▶ About this exercise
Before writing anything, find the line that contains "Net enrollment has", then retype the entries below exactly from their first line through that one, without pictures.

▶ Input for this task
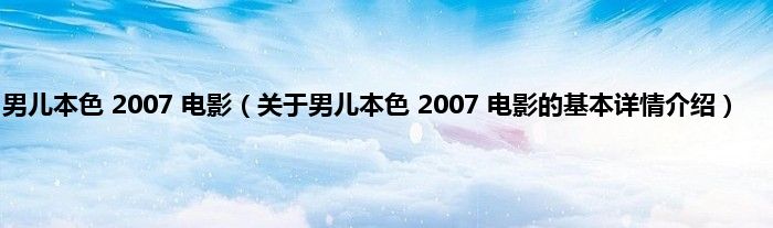 本文关于男儿本色 2007 电影的基本详情介绍就讲解完毕,希望对大家有所帮助。
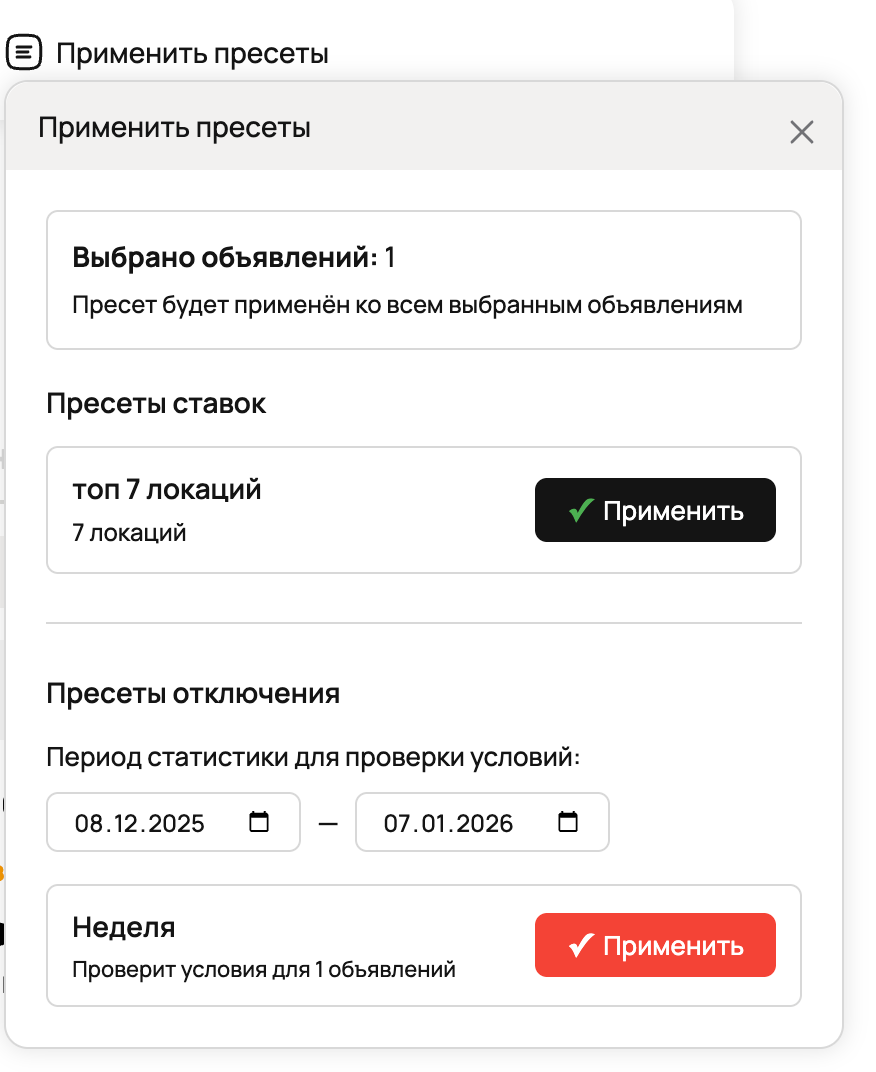 Возможность создавать пресеты настроек продвижения и их применение к списку объявлений, чтобы не настраивать отдельно для каждого объявления продвижение:
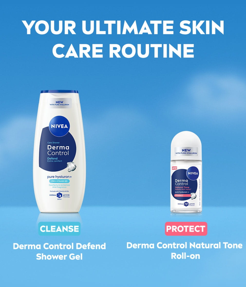 Experience visibly brighter and even-toned underarms with NIVEA Derma Control Eventone Roll On. Formulated with Pure Hyaluronic Acid and Vitamin C, this 0% alcohol roll on strengthens the skin’s defense against irritation while helping to brighten underarms in just 5 days. Its advanced Derma 72h Odour Protection keeps you feeling fresh and confident all day long.
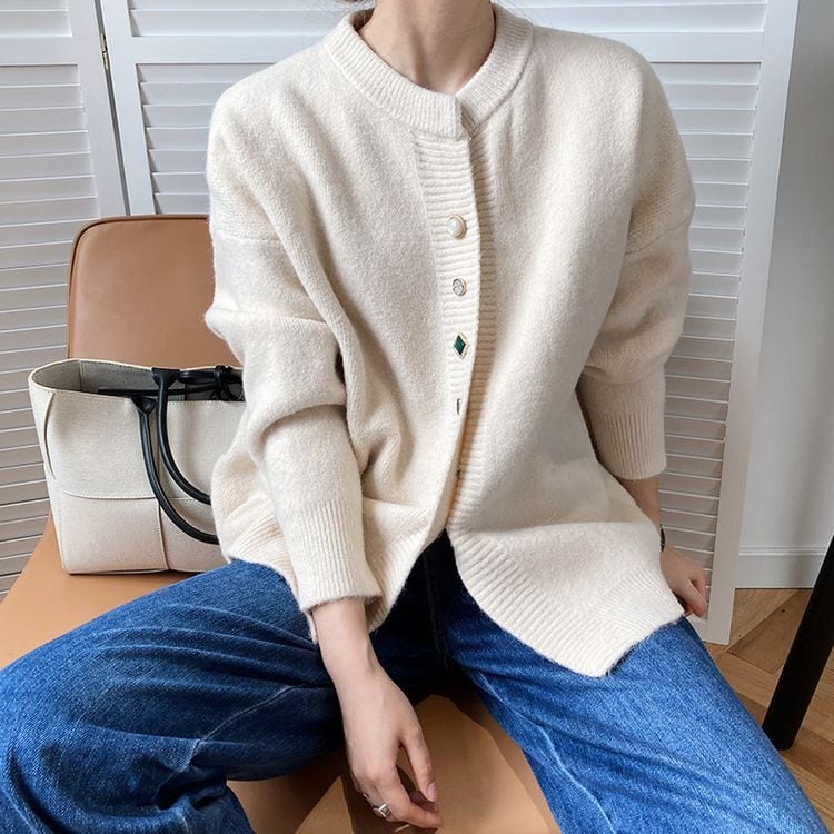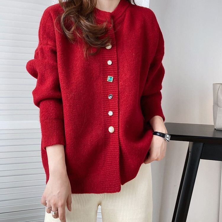 4color ビジューボタン ルーズ ニット カーディガン 22056
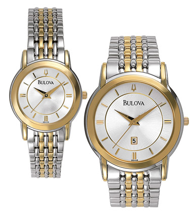 Goldtone on stainless steel, second hands, deployment buckles, man’s with date, water resistant to 100 feet.
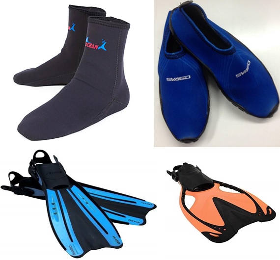 Buceo.- Ver también: Aqualetas, Escarpines y Aletas. El buceo, también denominado submarinismo, es el acto por medio del cual el ser humano se sumerge en cuerpos de agua, ya sea el mar, un lago, un río, una cantera inundada o una piscina, con el fin de desarrollar una actividad profesional, recreativa, de investigación científica o militar, con o sin ayuda de equipos especiales. El calzado para bucear son unas botas o zapatos de neopreno que protegen los pies del frío y del roce de las aletas. Los trajes de buceo suelen incluir sus propios escarpines, unidos al traje para mayor estanqueidad. Ya para nadar, se utilizan las aletas de buceo.
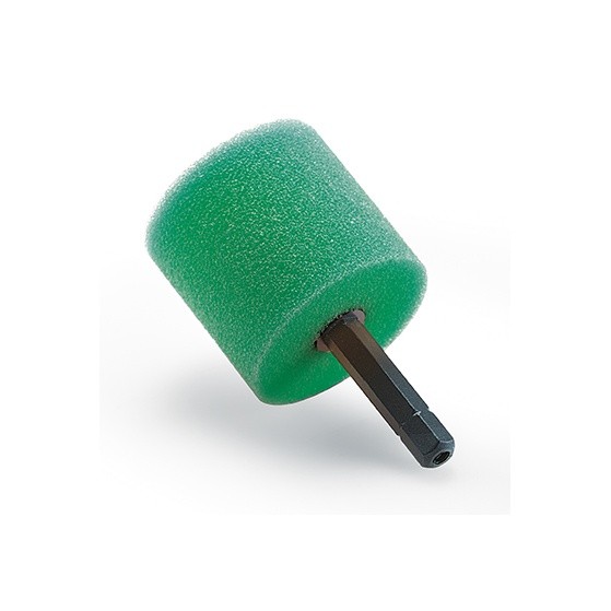 Зелена гъбичка с твърда пянна структура за голямо отнемане на материал и обработка на дълбоки надрасквания. Цилиндричната форма е идеална за тесни лайстни и spot-repair. Безинструментална смяна благодарение на шестостенния фланец на дръжката.
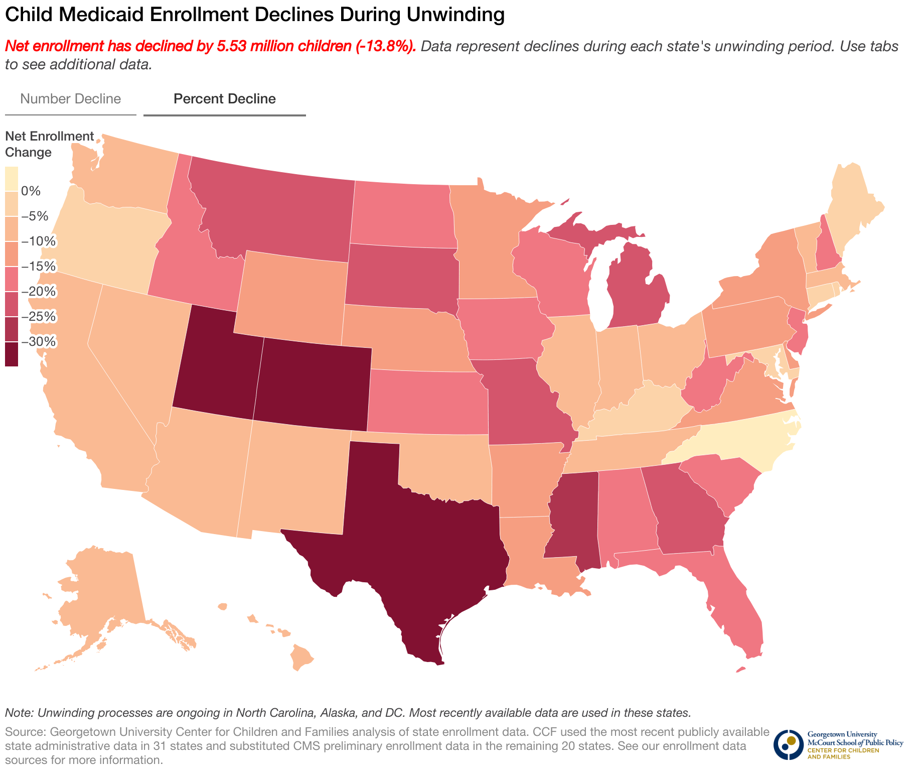 Net enrollment has declined by 5.53 million children (-13.8%). Data represent declines during each state's unwinding period. Use tabs to see additional data. Number Decline Percent Decline
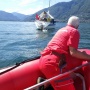 L'operazione di fermo e liberazione dall'anello si è svolta in maniera fulminea e direttamente in acqua. Infatti il bravo volontario posizionato sulla prua dell'imbarcazione si è tuffato direttamente nel lago, acciuffando al volo il bianco pennuto.
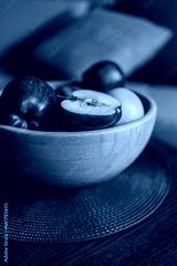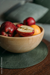 Fresh apples and oranges in a wooden plate. Some of the apples are cut into halves. Apples are ripe and red
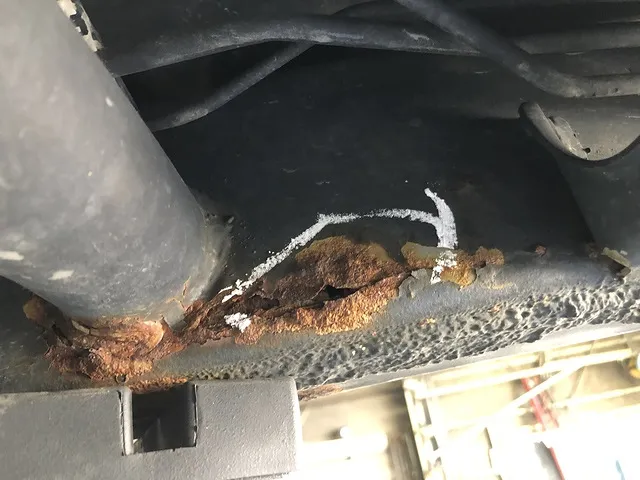 八戸市 車のマフラー、フレームの穴の修理 ソニカ リアショック付近の大きな穴と床の穴
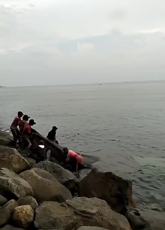 A group of at least six people work together to haul a large net out of the water and onto a rocky shoreline

▶ Response area
 本文关于男儿本色 2007 电影的基本详情介绍就讲解完毕,希望对大家有所帮助。
 Возможность создавать пресеты настроек продвижения и их применение к списку объявлений, чтобы не настраивать отдельно для каждого объявления продвижение:
 Experience visibly brighter and even-toned underarms with NIVEA Derma Control Eventone Roll On. Formulated with Pure Hyaluronic Acid and Vitamin C, this 0% alcohol roll on strengthens the skin’s defense against irritation while helping to brighten underarms in just 5 days. Its advanced Derma 72h Odour Protection keeps you feeling fresh and confident all day long.
 4color ビジューボタン ルーズ ニット カーディガン 22056
 Goldtone on stainless steel, second hands, deployment buckles, man’s with date, water resistant to 100 feet.
 Buceo.- Ver también: Aqualetas, Escarpines y Aletas. El buceo, también denominado submarinismo, es el acto por medio del cual el ser humano se sumerge en cuerpos de agua, ya sea el mar, un lago, un río, una cantera inundada o una piscina, con el fin de desarrollar una actividad profesional, recreativa, de investigación científica o militar, con o sin ayuda de equipos especiales. El calzado para bucear son unas botas o zapatos de neopreno que protegen los pies del frío y del roce de las aletas. Los trajes de buceo suelen incluir sus propios escarpines, unidos al traje para mayor estanqueidad. Ya para nadar, se utilizan las aletas de buceo.
 Зелена гъбичка с твърда пянна структура за голямо отнемане на материал и обработка на дълбоки надрасквания. Цилиндричната форма е идеална за тесни лайстни и spot-repair. Безинструментална смяна благодарение на шестостенния фланец на дръжката.
 Net enrollment has declined by 5.53 million children (-13.8%). Data represent declines during each state's unwinding period. Use tabs to see additional data. Number Decline Percent Decline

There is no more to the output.